Não houve nova publicação no Diário Oficial que alterasse os termos do contrato e os valores de empenho mensal dos gastos disponíveis no Portal da Transparência do governo continuam iguais aos previstos inicialmente.
Das quatro estruturas temporárias criadas na cidade de São Paulo para ajudar no enfrentamento da Covid-19, apenas o Hospital de Campanha de Heliópolis possui leitos de UTI, devido à adaptação de uma ala do AME Barreiras, local onde foi montado.
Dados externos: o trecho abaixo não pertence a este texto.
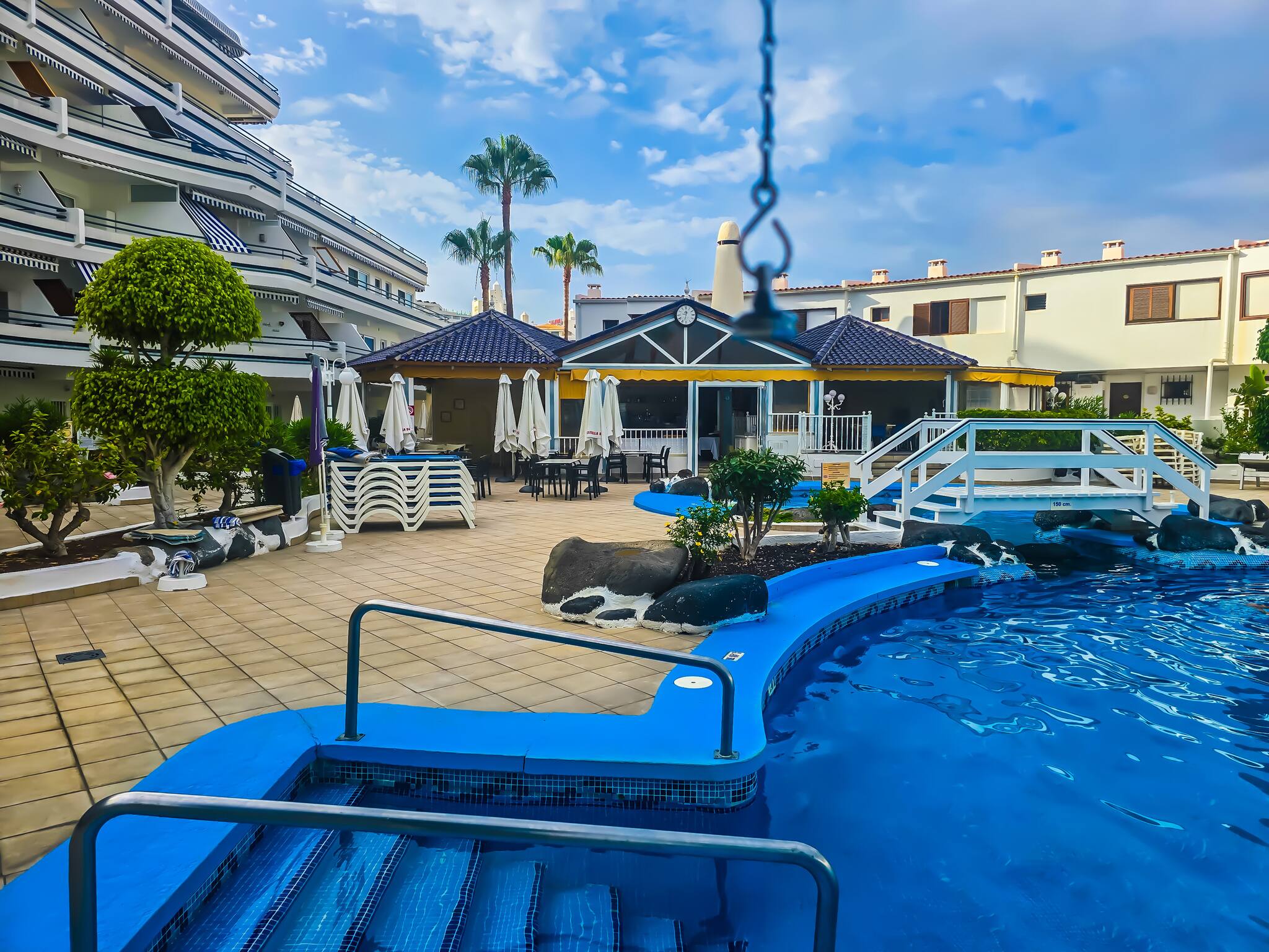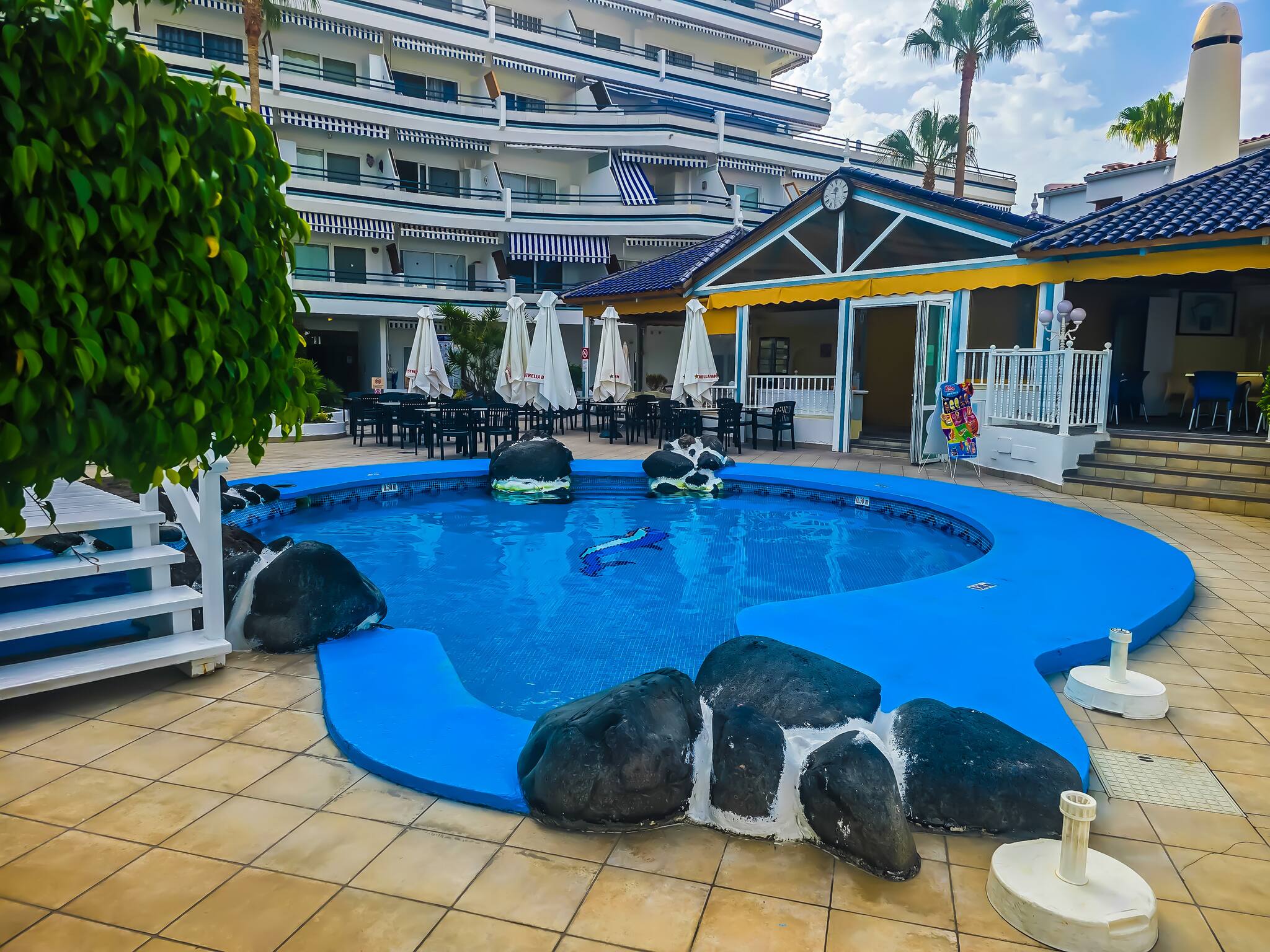 Its location is unbeatable: just 50 metres from La Pinta Beach, 200 metres from San Eugenio and with a Mercadona supermarket 250 metres away. You can enjoy nearby restaurants and cafés, such as Garden Atlantis, just 10 minutes away. Siam Park is only 3 kilometres away, ideal for a day of fun.

Os outros hospitais – incluindo o Pacaembu, que já foi desativado – foram projetados para atender apenas pacientes com menor complexidade.
Leia a íntegra da nota enviada em 9/7
“A Secretaria de Estado da Saúde informa que o Hospital de Campanha do Ibirapuera tem, desde o início de seu funcionamento, equipe completa e multidisciplinar prevista em UTI (Unidade de Terapia Intensiva), incluindo intensivistas, fisioterapeutas, psicólogos, farmacêuticos, além de estrutura técnica apropriada, com leitos, ventiladores pulmonares e equipamentos de monitorização.
A unidade já está recebendo pacientes mais complexos por possuir todo o aparato tecnológico, garantindo atendimento com qualidade e humanização.
Além disso, os 28 leitos estão em adequação, com incremento de serviço de diálise, procedimentos diagnósticos e definição de fluxo para encaminhamento de casos cirúrgicos a serviços de referências através da Central de Regulação de Ofertas de Serviços de Saúde (Cross).
O contrato firmado com a OSS Serviço Social da Construção Civil do Estado de São Paulo (Seconci-SP), publicado em 30 de abril no Diário Oficial do Estado, permanece válido, sem necessidade de retificação uma vez que apenas a nomenclatura do leito está sendo alterada, mas não há mudanças nas metas e no orçamento definidos em contrato”.